Produce word for word the lines of the data below running from the one that has "随即工作人员推出定制蛋糕,并" to the one that has "Tilføj farve og", inclusive, and no others.

** Data for the task follows **

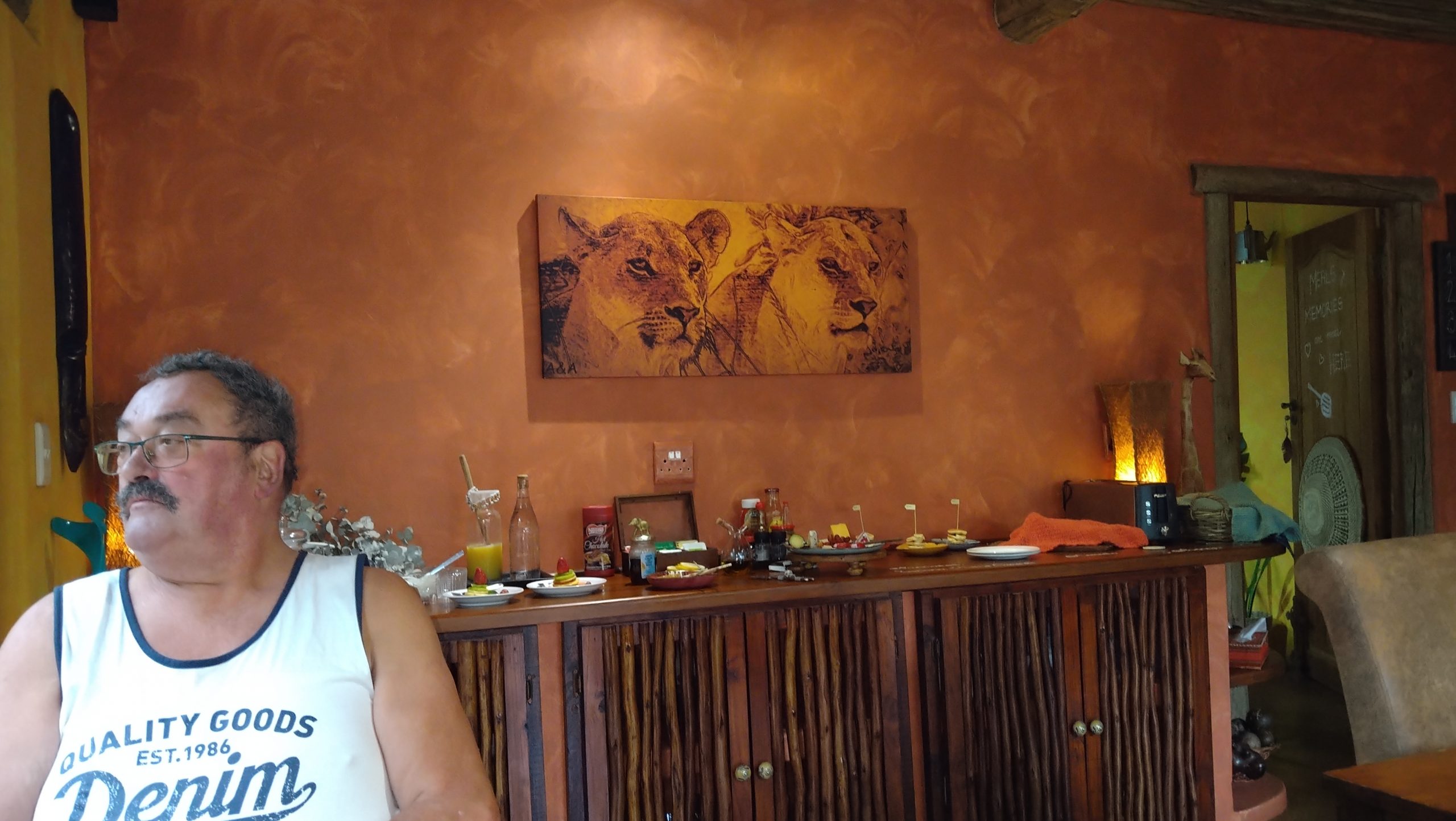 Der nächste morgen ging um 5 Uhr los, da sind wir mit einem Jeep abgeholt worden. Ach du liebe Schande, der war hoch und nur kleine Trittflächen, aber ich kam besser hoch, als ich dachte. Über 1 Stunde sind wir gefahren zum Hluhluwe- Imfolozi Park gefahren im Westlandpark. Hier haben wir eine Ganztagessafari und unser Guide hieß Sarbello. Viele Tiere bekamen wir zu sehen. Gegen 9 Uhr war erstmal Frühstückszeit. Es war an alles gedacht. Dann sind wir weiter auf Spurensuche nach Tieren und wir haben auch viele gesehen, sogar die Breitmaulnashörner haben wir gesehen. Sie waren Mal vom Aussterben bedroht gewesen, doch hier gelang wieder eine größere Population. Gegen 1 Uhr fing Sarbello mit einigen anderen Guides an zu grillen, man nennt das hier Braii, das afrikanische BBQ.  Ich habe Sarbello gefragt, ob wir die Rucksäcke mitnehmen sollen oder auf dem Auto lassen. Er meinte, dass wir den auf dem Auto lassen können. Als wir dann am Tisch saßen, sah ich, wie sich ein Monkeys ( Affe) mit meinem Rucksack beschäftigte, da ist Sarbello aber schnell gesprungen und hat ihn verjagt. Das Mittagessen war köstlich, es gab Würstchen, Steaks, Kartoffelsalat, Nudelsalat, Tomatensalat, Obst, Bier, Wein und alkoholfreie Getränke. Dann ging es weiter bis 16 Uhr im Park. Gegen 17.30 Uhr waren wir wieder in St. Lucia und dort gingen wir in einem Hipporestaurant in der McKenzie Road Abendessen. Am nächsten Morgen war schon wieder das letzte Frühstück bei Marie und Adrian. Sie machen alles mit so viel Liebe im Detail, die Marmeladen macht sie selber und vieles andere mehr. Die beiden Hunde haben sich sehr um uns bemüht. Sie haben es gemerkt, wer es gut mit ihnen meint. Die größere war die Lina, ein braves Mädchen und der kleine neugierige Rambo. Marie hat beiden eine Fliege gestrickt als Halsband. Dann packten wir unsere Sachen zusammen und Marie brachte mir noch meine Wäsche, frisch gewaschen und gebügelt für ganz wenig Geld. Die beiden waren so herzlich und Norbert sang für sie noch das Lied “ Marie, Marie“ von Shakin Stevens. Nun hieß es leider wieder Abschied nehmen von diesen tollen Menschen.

** End of Data for the task **
** Data for the task follows **

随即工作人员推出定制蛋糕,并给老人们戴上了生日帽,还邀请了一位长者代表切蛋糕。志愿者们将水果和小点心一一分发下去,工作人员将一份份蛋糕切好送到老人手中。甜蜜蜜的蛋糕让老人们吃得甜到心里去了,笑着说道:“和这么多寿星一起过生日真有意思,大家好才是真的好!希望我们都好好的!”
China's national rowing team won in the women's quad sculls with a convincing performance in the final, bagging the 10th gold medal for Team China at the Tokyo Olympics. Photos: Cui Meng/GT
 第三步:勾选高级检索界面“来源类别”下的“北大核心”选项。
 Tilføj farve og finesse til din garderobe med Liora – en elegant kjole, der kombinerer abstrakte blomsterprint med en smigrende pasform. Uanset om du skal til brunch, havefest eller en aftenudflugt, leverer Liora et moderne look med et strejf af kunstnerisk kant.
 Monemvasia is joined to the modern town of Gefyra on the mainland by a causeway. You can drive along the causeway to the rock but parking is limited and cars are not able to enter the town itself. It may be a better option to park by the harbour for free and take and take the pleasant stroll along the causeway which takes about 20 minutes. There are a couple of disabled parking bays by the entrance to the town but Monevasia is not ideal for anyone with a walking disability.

** End of Data for the task **

● Reply
随即工作人员推出定制蛋糕,并给老人们戴上了生日帽,还邀请了一位长者代表切蛋糕。志愿者们将水果和小点心一一分发下去,工作人员将一份份蛋糕切好送到老人手中。甜蜜蜜的蛋糕让老人们吃得甜到心里去了,笑着说道:“和这么多寿星一起过生日真有意思,大家好才是真的好!希望我们都好好的!”
China's national rowing team won in the women's quad sculls with a convincing performance in the final, bagging the 10th gold medal for Team China at the Tokyo Olympics. Photos: Cui Meng/GT
 第三步:勾选高级检索界面“来源类别”下的“北大核心”选项。
 Tilføj farve og finesse til din garderobe med Liora – en elegant kjole, der kombinerer abstrakte blomsterprint med en smigrende pasform. Uanset om du skal til brunch, havefest eller en aftenudflugt, leverer Liora et moderne look med et strejf af kunstnerisk kant.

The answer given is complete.